• Activity: From the line containing "충남 서천군(군수 노박래)" through the last line of the entries below, print each line exactly. Pictures stay out.

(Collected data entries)

*** Block opens ***

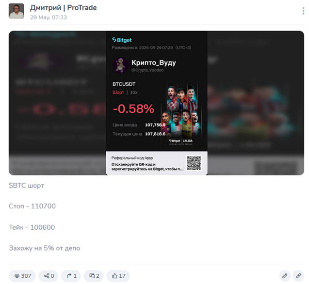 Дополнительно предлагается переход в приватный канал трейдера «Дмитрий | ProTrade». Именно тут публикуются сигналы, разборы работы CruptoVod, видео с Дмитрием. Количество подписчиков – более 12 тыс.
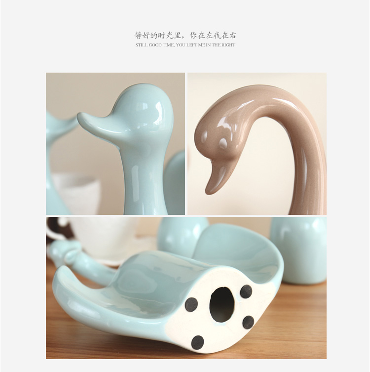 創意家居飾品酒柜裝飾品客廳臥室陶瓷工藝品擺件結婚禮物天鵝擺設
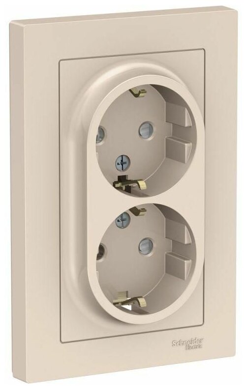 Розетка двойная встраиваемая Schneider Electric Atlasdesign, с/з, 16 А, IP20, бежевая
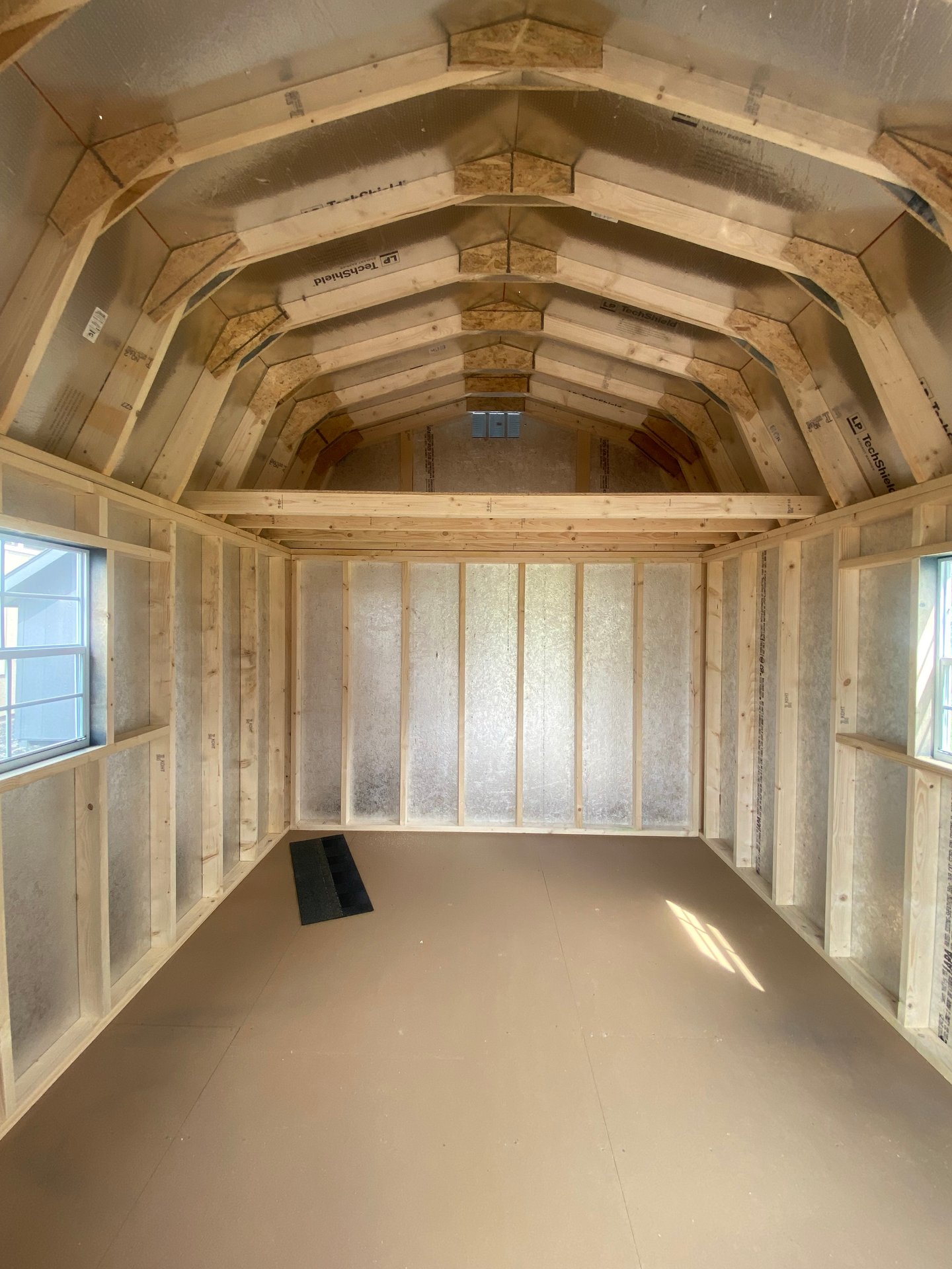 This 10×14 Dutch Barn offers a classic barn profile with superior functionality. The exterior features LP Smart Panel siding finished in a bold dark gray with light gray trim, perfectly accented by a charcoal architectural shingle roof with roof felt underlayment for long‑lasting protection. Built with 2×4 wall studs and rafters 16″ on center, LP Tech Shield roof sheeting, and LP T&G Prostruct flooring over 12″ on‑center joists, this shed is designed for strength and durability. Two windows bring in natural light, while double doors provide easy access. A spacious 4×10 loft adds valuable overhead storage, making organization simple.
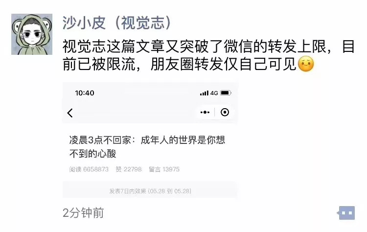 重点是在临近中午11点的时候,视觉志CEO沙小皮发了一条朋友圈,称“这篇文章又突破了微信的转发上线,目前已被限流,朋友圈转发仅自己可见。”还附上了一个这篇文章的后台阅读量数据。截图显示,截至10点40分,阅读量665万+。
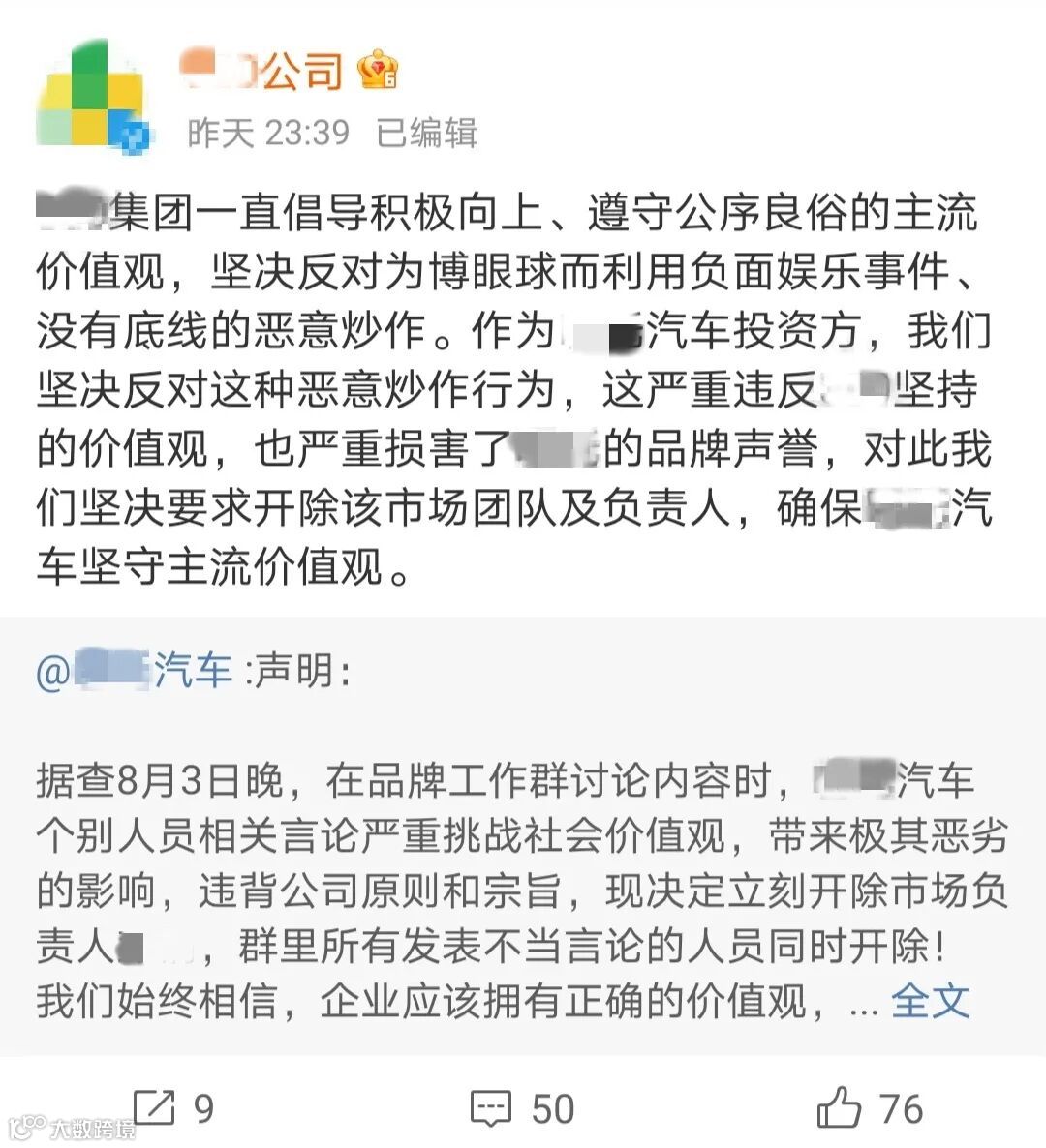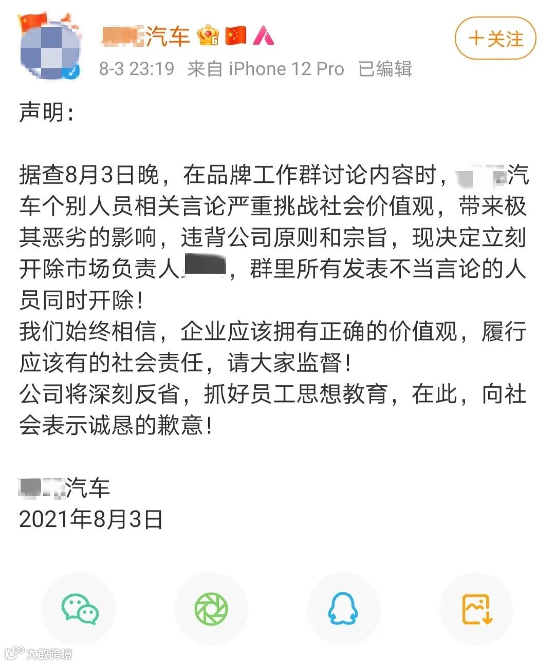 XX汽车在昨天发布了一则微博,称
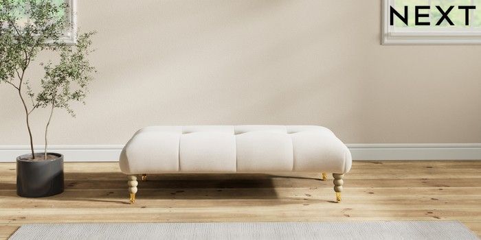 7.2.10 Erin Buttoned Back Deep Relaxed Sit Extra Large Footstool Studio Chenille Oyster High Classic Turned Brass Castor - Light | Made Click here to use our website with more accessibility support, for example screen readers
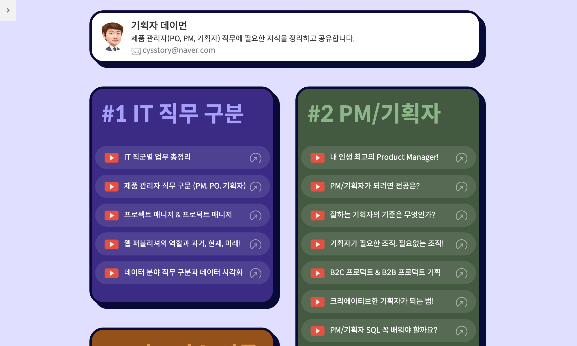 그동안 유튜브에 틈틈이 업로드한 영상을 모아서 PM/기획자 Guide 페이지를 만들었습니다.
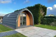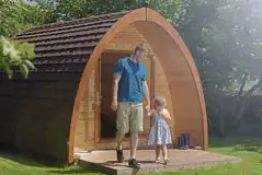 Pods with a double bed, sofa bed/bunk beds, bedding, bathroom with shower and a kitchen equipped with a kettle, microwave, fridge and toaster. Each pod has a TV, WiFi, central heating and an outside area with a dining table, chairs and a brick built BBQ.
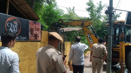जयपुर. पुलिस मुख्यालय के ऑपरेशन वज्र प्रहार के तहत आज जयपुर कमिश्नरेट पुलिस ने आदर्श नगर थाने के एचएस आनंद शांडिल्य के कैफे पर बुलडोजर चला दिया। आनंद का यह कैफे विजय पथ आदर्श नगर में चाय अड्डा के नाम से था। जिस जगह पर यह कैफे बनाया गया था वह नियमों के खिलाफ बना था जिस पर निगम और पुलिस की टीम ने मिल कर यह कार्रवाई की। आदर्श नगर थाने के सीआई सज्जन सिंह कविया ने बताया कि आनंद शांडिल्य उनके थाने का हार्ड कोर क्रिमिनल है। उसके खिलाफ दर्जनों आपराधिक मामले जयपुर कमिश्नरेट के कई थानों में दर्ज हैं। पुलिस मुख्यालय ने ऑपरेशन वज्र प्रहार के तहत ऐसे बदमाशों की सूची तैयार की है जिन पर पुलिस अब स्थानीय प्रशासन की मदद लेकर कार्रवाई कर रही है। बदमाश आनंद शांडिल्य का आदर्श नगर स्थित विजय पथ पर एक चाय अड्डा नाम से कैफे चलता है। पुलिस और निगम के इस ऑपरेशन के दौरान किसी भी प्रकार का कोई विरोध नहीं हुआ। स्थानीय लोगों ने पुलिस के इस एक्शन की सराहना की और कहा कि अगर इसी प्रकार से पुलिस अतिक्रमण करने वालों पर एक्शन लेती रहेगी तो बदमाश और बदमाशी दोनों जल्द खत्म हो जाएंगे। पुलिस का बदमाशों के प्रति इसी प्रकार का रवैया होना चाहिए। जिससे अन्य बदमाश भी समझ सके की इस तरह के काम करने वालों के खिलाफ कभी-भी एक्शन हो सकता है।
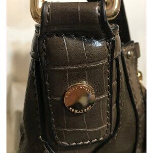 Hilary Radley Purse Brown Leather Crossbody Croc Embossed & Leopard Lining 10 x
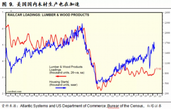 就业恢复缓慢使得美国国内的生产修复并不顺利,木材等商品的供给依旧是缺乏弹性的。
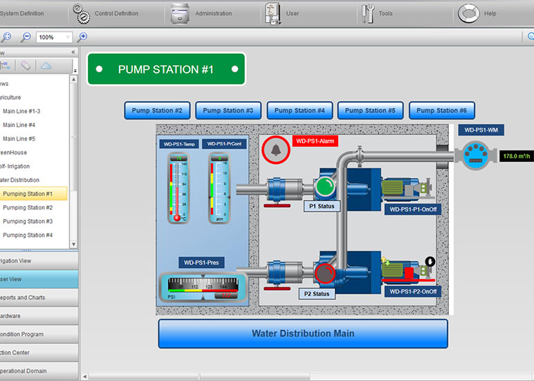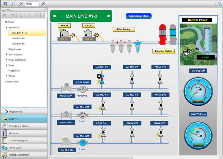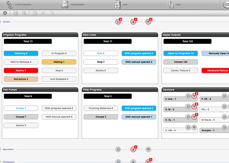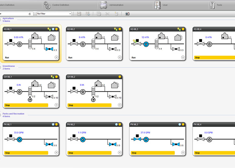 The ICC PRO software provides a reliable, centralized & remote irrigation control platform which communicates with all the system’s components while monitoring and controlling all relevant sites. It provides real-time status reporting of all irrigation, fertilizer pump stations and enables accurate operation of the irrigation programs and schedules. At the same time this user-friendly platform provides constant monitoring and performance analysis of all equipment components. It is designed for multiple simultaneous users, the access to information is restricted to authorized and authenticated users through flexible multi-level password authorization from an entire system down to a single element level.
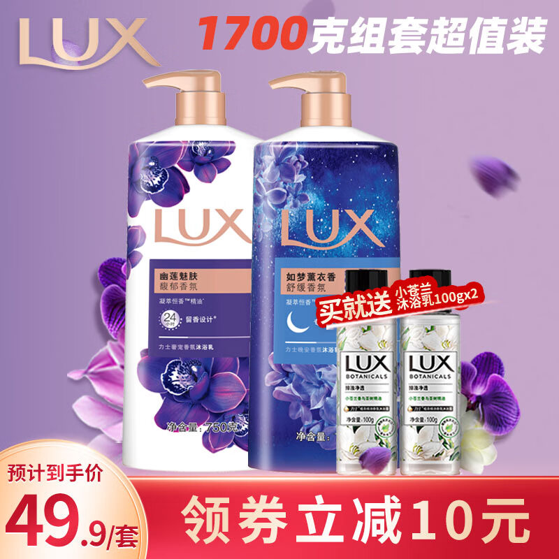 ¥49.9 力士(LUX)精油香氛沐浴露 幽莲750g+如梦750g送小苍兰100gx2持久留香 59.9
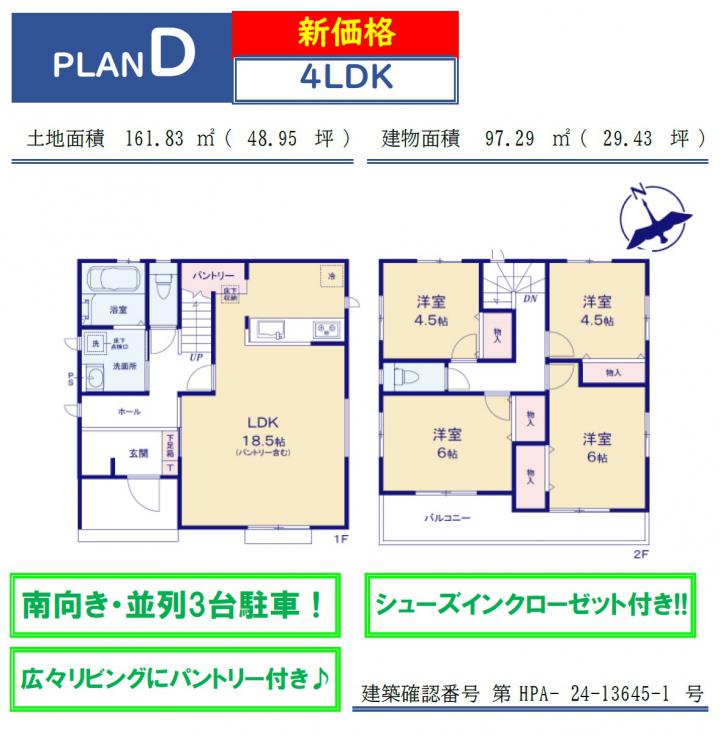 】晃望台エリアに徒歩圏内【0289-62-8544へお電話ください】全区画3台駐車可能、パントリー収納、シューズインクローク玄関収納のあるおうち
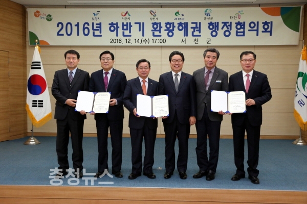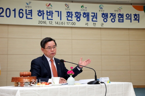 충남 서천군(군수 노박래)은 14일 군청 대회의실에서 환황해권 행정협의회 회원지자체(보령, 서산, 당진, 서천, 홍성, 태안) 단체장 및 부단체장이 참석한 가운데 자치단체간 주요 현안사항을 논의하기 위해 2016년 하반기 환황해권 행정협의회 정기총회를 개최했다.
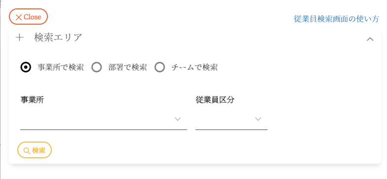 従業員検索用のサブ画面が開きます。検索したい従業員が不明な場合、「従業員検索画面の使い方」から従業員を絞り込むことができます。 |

*** Block closes ***

• Solution to the exercise:
 충남 서천군(군수 노박래)은 14일 군청 대회의실에서 환황해권 행정협의회 회원지자체(보령, 서산, 당진, 서천, 홍성, 태안) 단체장 및 부단체장이 참석한 가운데 자치단체간 주요 현안사항을 논의하기 위해 2016년 하반기 환황해권 행정협의회 정기총회를 개최했다.
 従業員検索用のサブ画面が開きます。検索したい従業員が不明な場合、「従業員検索画面の使い方」から従業員を絞り込むことができます。 |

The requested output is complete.